WORK TASK: Restate all data exactly. No images.

DATA PROVIDED:
((

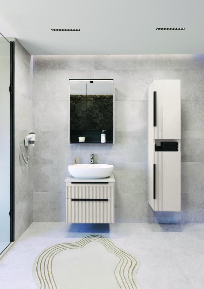 Miriad kupaonski ormarić s top pločom donosi dozu urbanog mira u vašu kupaonicu. Dvije prostrane ladice osiguravaju dovoljno mjesta za sve potrepštine, dok mat crna ručka dodaje prostoru diskretan karakter. Top ploča elegantno nadopunjuje dizajn i pruža savršenu podlogu za nadgradni umivaonik, istovremeno nudeći praktičnu površinu za svakodnevnu upotrebu. Čiste linije i jednostavan oblik lako se uklapaju u različite stilove uređenja, pa prostor ostaje uredan, organiziran i ugodan za boravak.
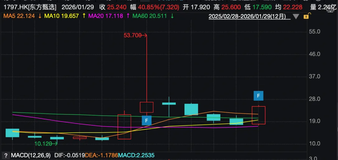 消息面上,东方甄选2026财年中期财报显示,公司2026财年上半年营收23.116亿元,同比增长5.7%;期内溢利2.39亿元,上年同期亏损9650.3万元。
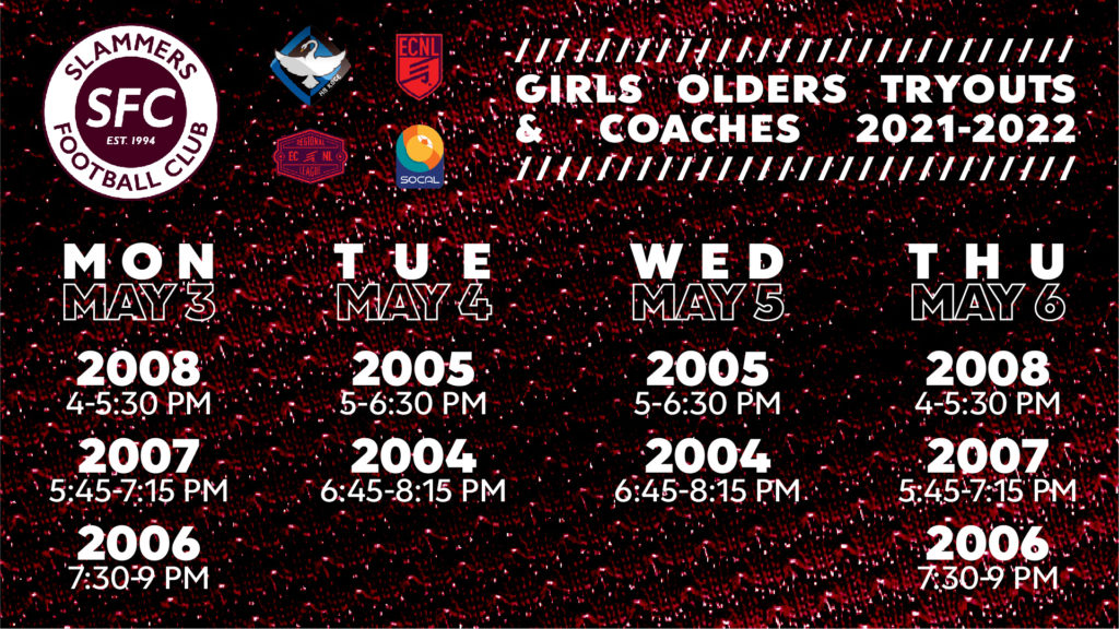 NEW NEW NEW!!! Tryouts and coaching assignments for the 2021-2022 Season! WE ARE SO EXCITED and hope you are too! We will see you out on the field Slammers Family⚽️ If you have questions, please email slammersfcinformation@gmail.com

))

RESULT OF THIS TASK:
 Miriad kupaonski ormarić s top pločom donosi dozu urbanog mira u vašu kupaonicu. Dvije prostrane ladice osiguravaju dovoljno mjesta za sve potrepštine, dok mat crna ručka dodaje prostoru diskretan karakter. Top ploča elegantno nadopunjuje dizajn i pruža savršenu podlogu za nadgradni umivaonik, istovremeno nudeći praktičnu površinu za svakodnevnu upotrebu. Čiste linije i jednostavan oblik lako se uklapaju u različite stilove uređenja, pa prostor ostaje uredan, organiziran i ugodan za boravak.
 消息面上,东方甄选2026财年中期财报显示,公司2026财年上半年营收23.116亿元,同比增长5.7%;期内溢利2.39亿元,上年同期亏损9650.3万元。
 NEW NEW NEW!!! Tryouts and coaching assignments for the 2021-2022 Season! WE ARE SO EXCITED and hope you are too! We will see you out on the field Slammers Family⚽️ If you have questions, please email slammersfcinformation@gmail.com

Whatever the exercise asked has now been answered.